* EXERCISE GOAL: Every line from the start of the entries up to and including the one bearing "松が枝埠頭を離れる「SAPHIRE PRINCESS 号」（115,875 t）" must be printed verbatim, without the pictures.

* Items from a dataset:
'''
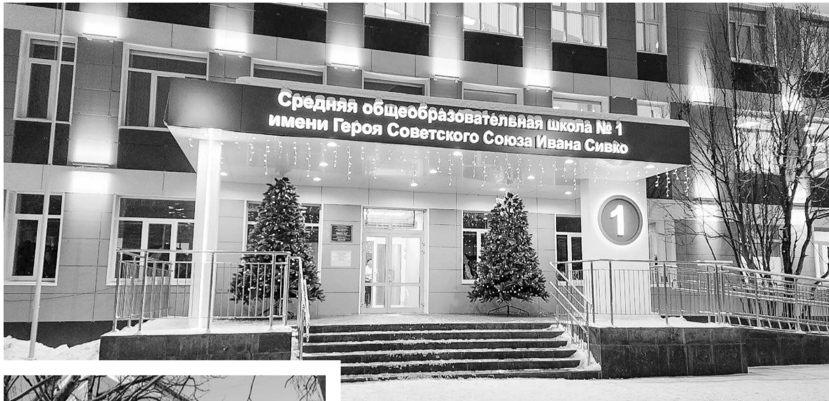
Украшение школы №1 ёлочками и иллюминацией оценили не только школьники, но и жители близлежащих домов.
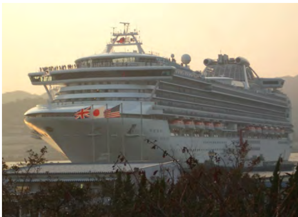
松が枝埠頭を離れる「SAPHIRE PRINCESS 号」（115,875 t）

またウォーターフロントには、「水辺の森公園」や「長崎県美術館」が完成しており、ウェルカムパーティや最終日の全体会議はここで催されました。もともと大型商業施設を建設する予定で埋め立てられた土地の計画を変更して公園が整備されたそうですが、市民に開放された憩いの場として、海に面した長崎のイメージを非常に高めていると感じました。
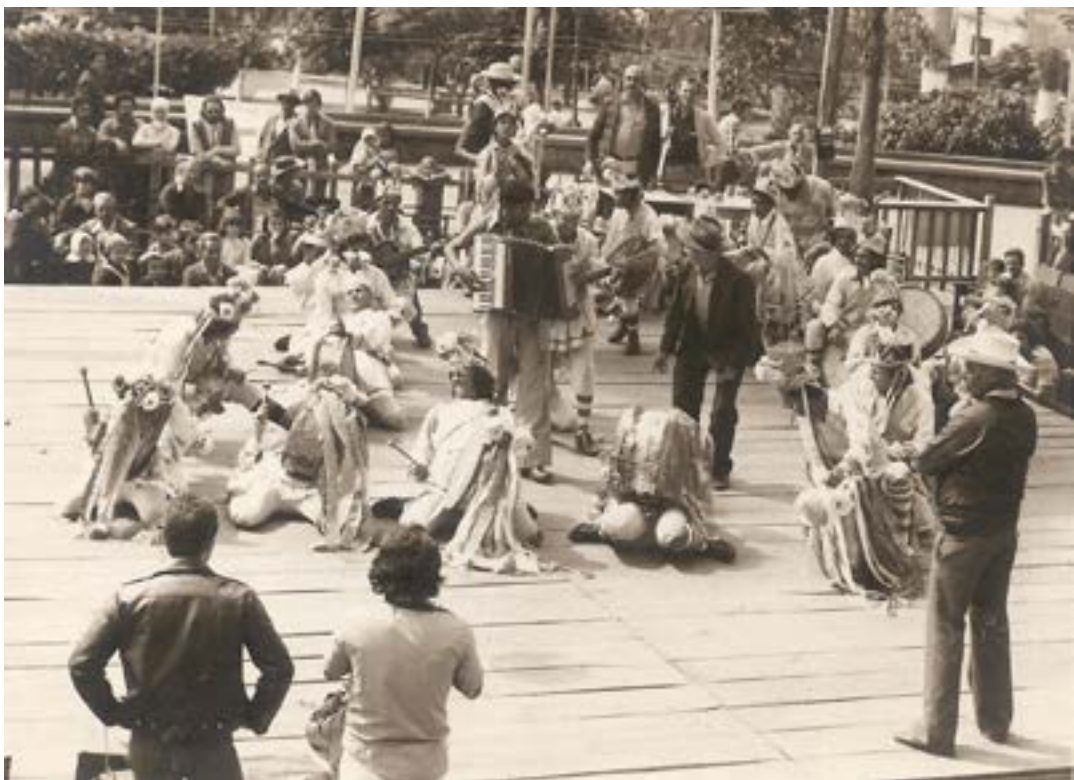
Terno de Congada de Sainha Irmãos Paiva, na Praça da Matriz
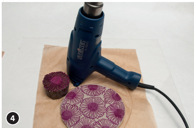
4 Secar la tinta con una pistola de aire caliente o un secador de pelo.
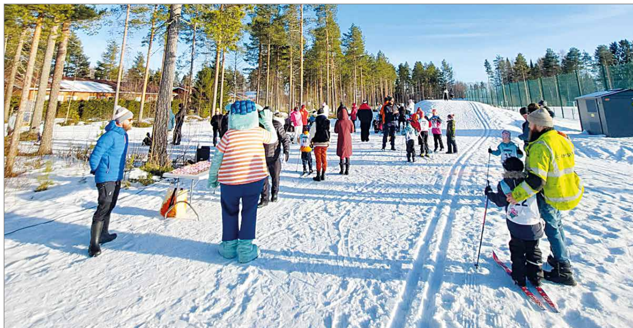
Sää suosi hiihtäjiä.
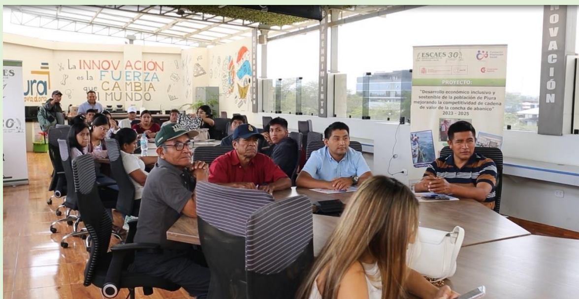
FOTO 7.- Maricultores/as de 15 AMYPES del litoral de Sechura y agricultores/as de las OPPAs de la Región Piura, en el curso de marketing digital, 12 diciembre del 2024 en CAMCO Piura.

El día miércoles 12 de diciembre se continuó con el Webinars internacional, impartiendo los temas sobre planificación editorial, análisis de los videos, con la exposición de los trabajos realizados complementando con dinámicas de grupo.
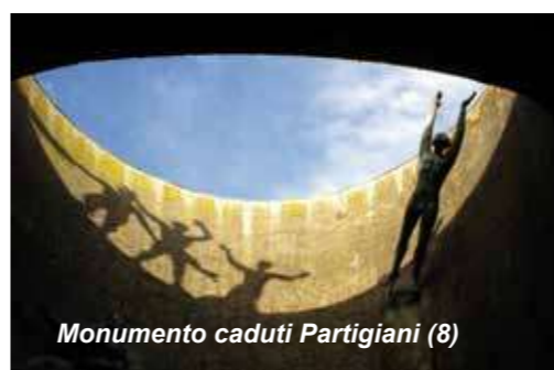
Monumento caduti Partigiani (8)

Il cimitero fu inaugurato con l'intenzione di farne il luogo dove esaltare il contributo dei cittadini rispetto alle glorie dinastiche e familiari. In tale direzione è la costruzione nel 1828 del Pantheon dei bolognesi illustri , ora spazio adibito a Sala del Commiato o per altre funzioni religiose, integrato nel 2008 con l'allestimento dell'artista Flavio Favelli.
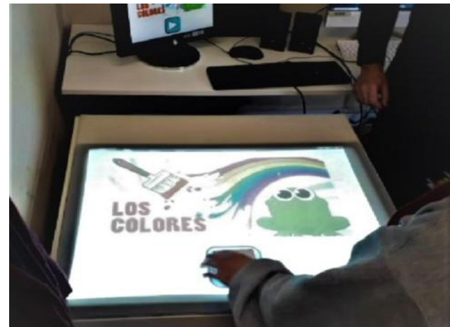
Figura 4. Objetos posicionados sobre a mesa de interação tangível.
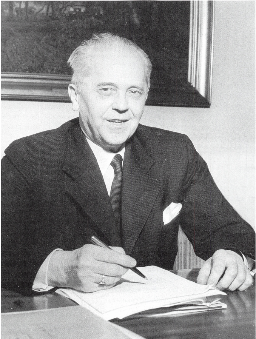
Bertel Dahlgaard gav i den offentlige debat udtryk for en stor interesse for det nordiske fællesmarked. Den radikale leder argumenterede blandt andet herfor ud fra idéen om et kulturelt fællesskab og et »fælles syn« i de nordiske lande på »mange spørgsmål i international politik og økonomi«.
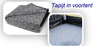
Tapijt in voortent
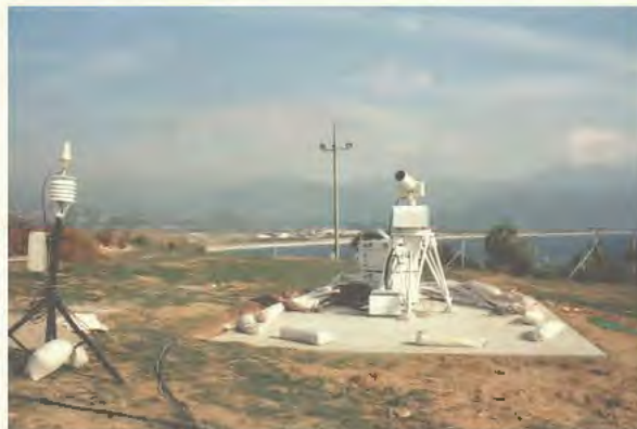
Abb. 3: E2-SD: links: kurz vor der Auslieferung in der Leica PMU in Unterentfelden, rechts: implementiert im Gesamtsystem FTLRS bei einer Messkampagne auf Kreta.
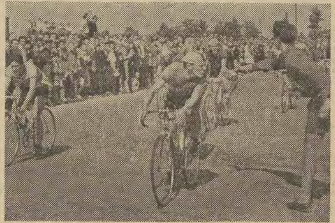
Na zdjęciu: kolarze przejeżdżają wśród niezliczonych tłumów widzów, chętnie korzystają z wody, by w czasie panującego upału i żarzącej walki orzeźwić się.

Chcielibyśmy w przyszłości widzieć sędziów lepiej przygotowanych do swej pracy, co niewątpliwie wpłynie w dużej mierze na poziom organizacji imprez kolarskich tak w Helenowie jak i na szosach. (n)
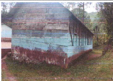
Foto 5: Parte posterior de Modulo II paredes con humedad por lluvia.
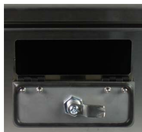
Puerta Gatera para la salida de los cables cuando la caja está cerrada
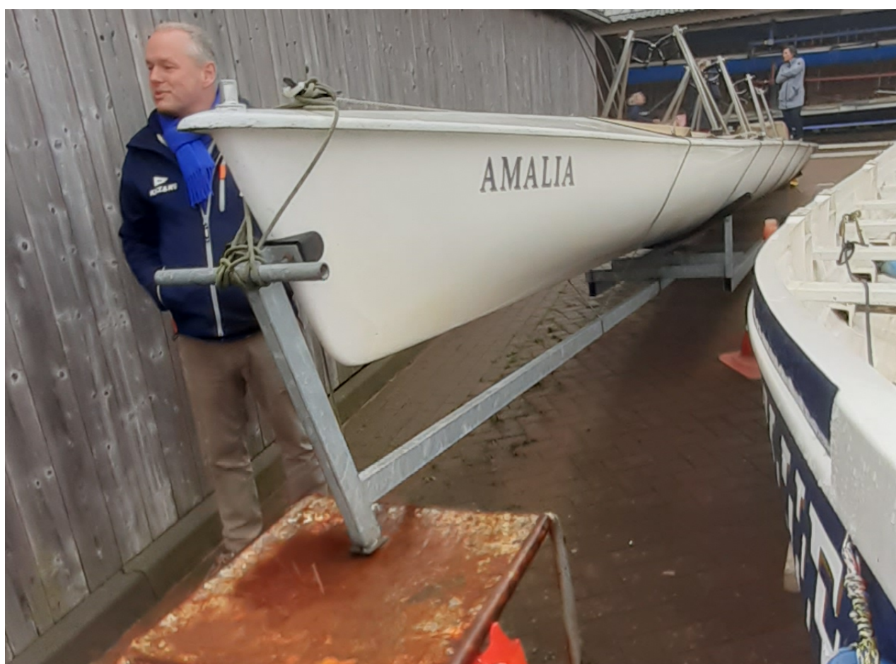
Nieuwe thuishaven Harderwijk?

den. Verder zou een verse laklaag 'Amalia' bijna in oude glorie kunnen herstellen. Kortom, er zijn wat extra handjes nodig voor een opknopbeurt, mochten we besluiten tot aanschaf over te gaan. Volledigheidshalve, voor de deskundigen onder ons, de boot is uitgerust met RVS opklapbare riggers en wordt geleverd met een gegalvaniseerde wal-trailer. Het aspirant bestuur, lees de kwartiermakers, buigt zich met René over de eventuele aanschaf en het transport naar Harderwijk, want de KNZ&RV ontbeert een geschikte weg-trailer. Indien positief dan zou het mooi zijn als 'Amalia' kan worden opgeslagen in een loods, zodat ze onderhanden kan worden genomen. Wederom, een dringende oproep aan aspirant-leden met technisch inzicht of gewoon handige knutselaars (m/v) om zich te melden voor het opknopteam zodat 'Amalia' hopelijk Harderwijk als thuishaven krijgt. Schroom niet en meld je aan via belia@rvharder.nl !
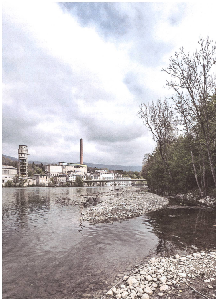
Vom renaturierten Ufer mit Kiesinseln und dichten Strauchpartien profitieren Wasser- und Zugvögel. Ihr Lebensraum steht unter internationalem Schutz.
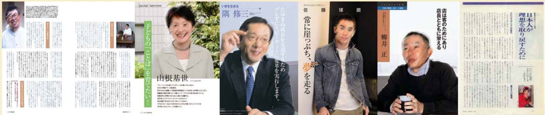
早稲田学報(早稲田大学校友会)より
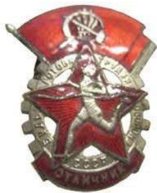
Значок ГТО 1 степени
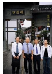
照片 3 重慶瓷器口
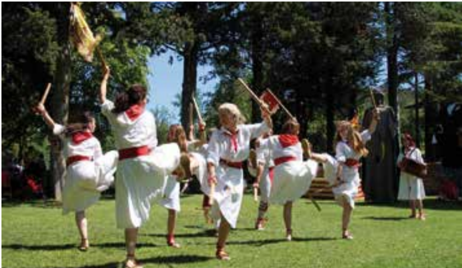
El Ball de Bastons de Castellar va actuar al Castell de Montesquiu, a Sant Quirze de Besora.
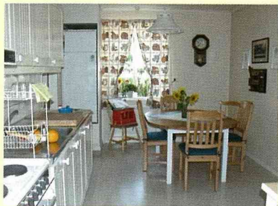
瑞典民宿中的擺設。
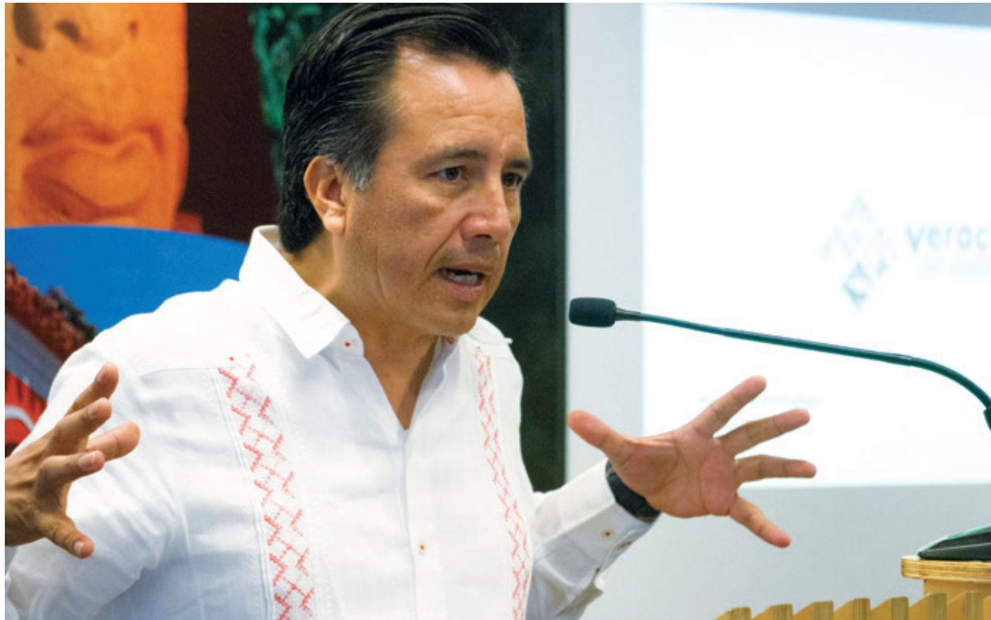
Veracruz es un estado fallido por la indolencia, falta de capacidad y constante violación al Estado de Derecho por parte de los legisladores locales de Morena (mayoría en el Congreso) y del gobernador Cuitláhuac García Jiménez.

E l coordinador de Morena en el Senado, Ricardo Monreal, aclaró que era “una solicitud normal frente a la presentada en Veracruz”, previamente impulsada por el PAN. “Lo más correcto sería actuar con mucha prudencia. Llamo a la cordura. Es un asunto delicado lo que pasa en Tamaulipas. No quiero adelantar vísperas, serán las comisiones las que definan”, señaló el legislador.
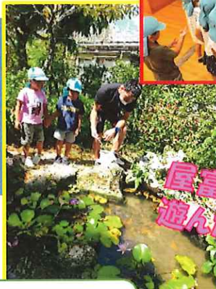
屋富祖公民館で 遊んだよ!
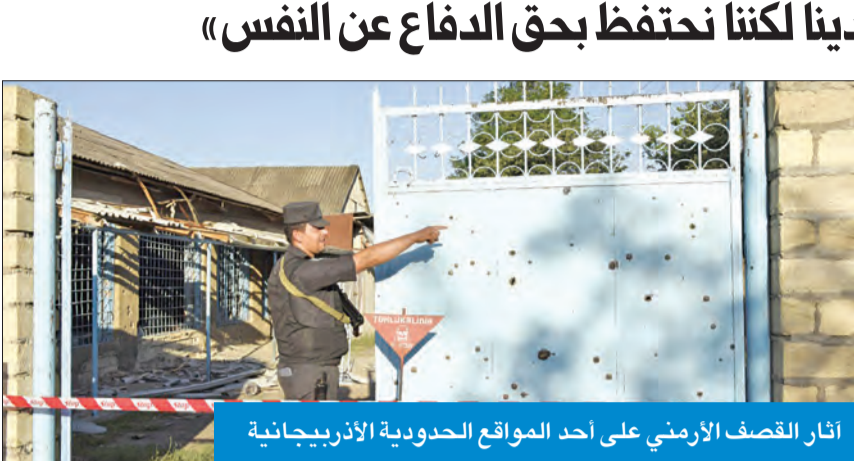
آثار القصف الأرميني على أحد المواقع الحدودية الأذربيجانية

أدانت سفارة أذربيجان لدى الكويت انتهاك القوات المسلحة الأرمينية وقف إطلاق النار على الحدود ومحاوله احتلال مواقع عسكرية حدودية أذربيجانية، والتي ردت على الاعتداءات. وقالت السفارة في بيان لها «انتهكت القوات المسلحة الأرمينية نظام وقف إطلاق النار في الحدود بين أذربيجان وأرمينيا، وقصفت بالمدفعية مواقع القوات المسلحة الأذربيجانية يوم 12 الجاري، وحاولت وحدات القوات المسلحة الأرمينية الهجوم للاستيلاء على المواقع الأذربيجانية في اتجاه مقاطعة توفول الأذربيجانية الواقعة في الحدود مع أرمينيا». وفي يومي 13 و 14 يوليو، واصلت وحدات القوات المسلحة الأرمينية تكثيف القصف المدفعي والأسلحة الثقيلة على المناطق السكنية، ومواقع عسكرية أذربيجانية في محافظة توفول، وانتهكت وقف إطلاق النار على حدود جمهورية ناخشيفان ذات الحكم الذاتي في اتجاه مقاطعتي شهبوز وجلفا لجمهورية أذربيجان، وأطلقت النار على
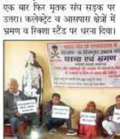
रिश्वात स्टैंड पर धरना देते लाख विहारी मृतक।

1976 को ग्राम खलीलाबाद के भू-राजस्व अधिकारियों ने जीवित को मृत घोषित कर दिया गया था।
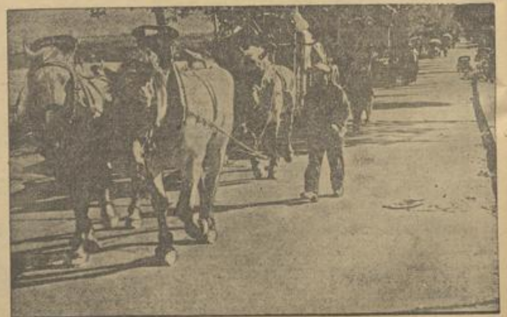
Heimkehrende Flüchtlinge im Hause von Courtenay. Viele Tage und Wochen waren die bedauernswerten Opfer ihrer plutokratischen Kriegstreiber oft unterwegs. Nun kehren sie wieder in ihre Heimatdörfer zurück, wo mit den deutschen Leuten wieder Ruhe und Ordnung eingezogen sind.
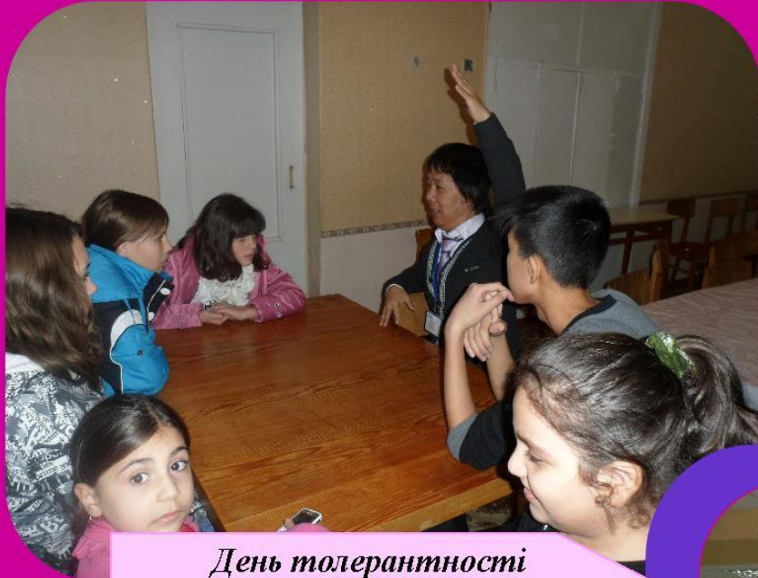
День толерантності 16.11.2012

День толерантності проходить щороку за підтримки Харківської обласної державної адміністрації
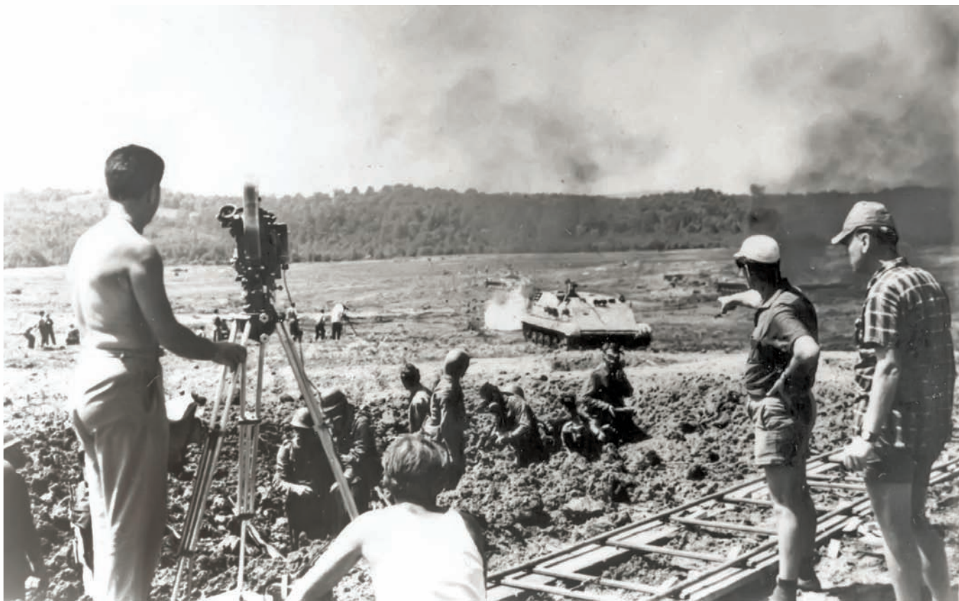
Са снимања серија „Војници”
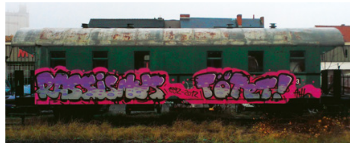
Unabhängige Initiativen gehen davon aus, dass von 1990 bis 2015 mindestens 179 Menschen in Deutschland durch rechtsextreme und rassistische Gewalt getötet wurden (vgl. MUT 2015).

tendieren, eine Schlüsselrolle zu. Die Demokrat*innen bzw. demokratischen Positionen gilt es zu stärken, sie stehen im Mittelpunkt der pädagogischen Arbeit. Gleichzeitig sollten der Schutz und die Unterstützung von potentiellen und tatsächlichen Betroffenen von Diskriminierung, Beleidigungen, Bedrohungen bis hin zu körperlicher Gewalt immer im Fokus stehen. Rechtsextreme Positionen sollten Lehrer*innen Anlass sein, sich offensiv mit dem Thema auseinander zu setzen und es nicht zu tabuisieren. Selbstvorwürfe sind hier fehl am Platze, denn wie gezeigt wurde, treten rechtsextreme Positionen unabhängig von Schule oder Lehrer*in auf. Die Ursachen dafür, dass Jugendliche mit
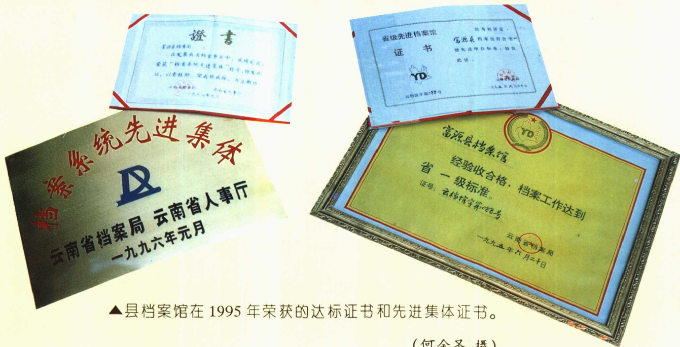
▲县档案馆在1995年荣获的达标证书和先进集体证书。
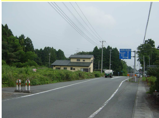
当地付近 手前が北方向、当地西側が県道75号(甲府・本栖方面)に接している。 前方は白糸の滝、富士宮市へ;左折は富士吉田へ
'''
* SOLUTION FOR THIS PROBLEM:
Украшение школы №1 ёлочками и иллюминацией оценили не только школьники, но и жители близлежащих домов.
松が枝埠頭を離れる「SAPHIRE PRINCESS 号」（115,875 t）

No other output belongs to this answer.